What did you consider in formulating your answer? I think relevant factors include valuation/multiples, buyer competition, fragility, growth potential, likely number of employees, size of opportunity set, and expected time to close on a transaction. Any others?
from Vanderbilt University in St. Petersburg, FL, USA
$300-750k – You can pay 1-3x SDE for a good business with minimal/moderate deal risk for self-funded searchers. Not very competitive from an M&A perspective – you can usually find a good deal in less than 6 months. Need to be interested in getting your hands dirty in the operations and a longer-term hold. Also think these businesses tend to have ample room for automation and operational improvements that may allow you to get to the $700k plus earnings range quickly (while retaining significant equity with minimal/moderate risk).
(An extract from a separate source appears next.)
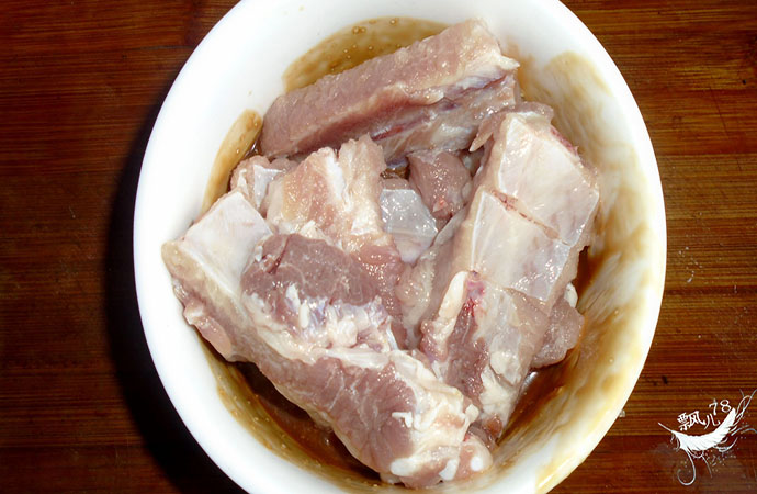 5.將排骨放進調料里拌勻放進冰箱冷藏一晚上

PG isn’t too bad when you are paying 2x SDE.
$750k-$1.5mm – This range I find to be the most challenging for self-funded searchers as you likely still have to do a PG but the multiples start to creep up pretty quickly. This can make it risky for a self funded searcher for a number of reasons. There are going to be more buyers out there with more capital behind them competing in this space. You may have some level of middle management at this size but your day to day probably won’t look too much different from the $300k-700k space. It’s still worth searching for a good deal here, but I’d be conservative on the multiple you are willing to pay.
$1.5mm - $3mm – Traditional search world. You need to have some capital behind you to compete with smaller PE / Independent sponsors. Multiples 6xish and it can take a while to find a deal (close to two years on average). Still a great model, and plenty of room for investors and searcher / operator to have a nice pay day. Searcher likely won’t have to do a PG either. From a searcher perspective, if you can find a bigger deal, your equity will be worth more (all other things constant – which is not reality). These businesses usually have some level of middle management to allow searcher to focus more time on higher level strategy and growth initiatives (although still plenty of time will be spent putting out fires / getting your hands dirty).
All about what your short and long term interests/goals are.
from Southern Methodist University in Sarasota, FL, USA
Due diligence is also much quicker and much cheaper.
I chose the smaller route as more a lifestyle decision than a monetary one (i.e. more time with my kids, no phone calls at night or weekends - that is for my GM to worry about).